- Bikna Location in West Bengal, India Bikna Bikna (India)
- Coordinates: 23°15′19.4″N 87°05′32.3″E﻿ / ﻿23.255389°N 87.092306°E
- Country: India
- State: West Bengal
- District: Bankura

Population (2011)
- • Total: 3,876

Languages
- • Official: Bengali, English
- Time zone: UTC+5:30 (IST)
- PIN: 722155 (Kesiakole)
- Telephone/STD code: 03241
- Lok Sabha constituency: Bishnupur
- Vidhan Sabha constituency: Onda
- Website: bankura.gov.in

= Bikna =

Bikna is a village in the Bankura II CD block in the Bankura Sadar subdivision of the Bankura district in the state of West Bengal, India.

==Geography==

===Location===
Bikna is located at .

===Area overview===
The map alongside shows the Bankura Sadar subdivision of Bankura district. Physiographically, this area is part of the Bankura Uplands in the west gradually merging with the Bankura-Bishnupur Rarh Plains in the north-east. The western portions are characterised by undulating terrain with many hills and ridges. The area is having a gradual descent from the Chota Nagpur Plateau. The soil is laterite red and hard beds are covered with scrub jungle and sal wood. Gradually it gives way to just uneven rolling lands but the soil continues to be lateritic. There are coal mines in the northern part, along the Damodar River. It is a predominantly rural area with 89% of the population living in rural areas and only 11% living in the urban areas.

Note: The map alongside presents some of the notable locations in the subdivision. All places marked in the map are linked in the larger full screen map.

==Civic administration==
===CD block HQ===
The headquarters of Bankura II CD block are located at Village Bikna in PO Kesiakole.

==Demographics==
According to the 2011 Census of India, Bikna had a total population of 3,876 of which 1,961 (51%) were males and 1915 (49%) were females. Population below 6 years was 450. The total number of literates in Bikna was 2,565 (74.87% of the population over 6 years).

==Education==
Manohari Devi Bajia DAV Public School is an English-medium coeducational higher secondary school following CBSE syllabus, established in 2001.

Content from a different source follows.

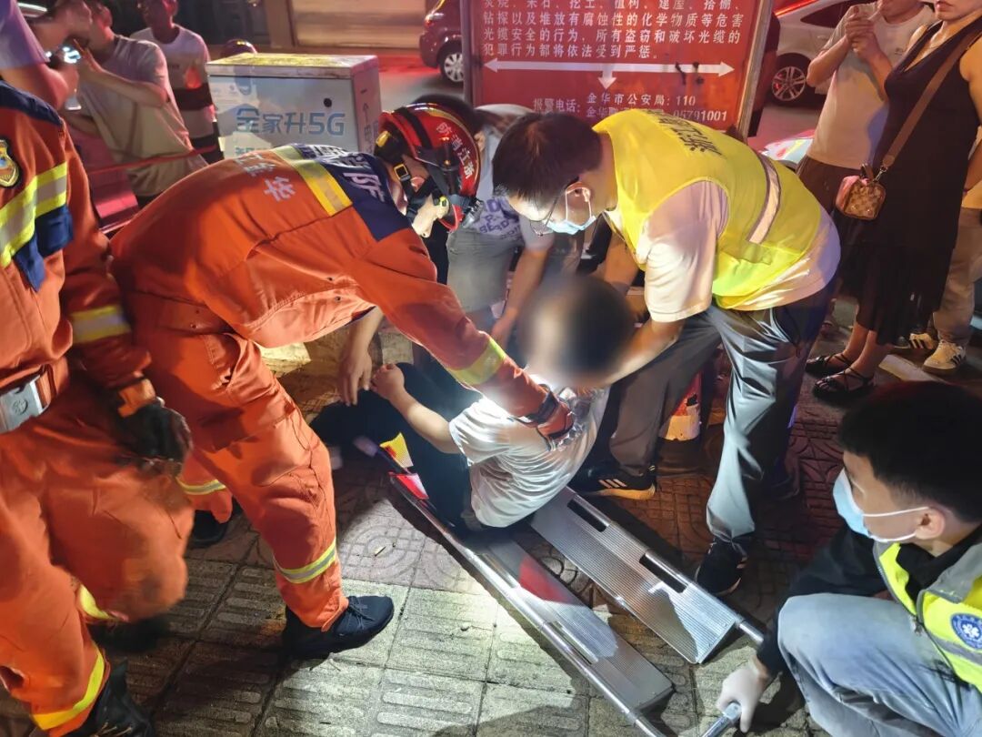 在众人的共同努力下,小伙成功脱困,并被抬上担架送医。

Bikna K.P.S. Vidyapith is a Bengali-medium coeducational institution established in 1964. It has facilities for teaching from class V to class XII. The school has 20 computers, a library with 3,000 books and a playground.

==Transport==
State Highway 9, running from Durgapur (in Paschim Bardhaman district) to Nayagram (in Jhargram district), passes through Bikna.

Bikna railway station is on the Bankura–Masagram line under the Adra railway division.

==Healthcare==
Kanchanpur Block Primary Health Centre, with 15 beds at Kanchanpur, is the major government medical facility in the Bankura II CD block. There are primary health centres at Narrah (with 4 beds) and Mankanali (with 10 beds).

==Dhokra at Bikna==
There is a small community living in Bikna who are involved in making dhokra handicrafts. Thirty-six related families live in this close-knit clan community. Their forefathers came from Chhotanagpur and are believed to have been nomads but now they are firmly settled here and have even adopted a Sanskritised surname ‘Karmakar’, which is close, in its meaning to the English surname ‘Smith’. They follow the cire purdue or lost wax process for making small metallic decorative items. They have been facing problems where their traditional furnaces for melting the metal was proving to be uneconomic and raising costs. An organization named NISTADS got involved in developing a new furnace for the Bikna artisans. The clash of modernity and traditions had its own problems. However, the modern furnace has found acceptance at both Bikna and Dwaraipur, some two hours by road, in Purba Bardhaman district, another place where around 20 families are involved in the dhokra craft.

A global market emerged in the United States and Europe for the dhokra products. The artefacts display a uniqueness of a rustic and primitive appearance with the original tribal flavour.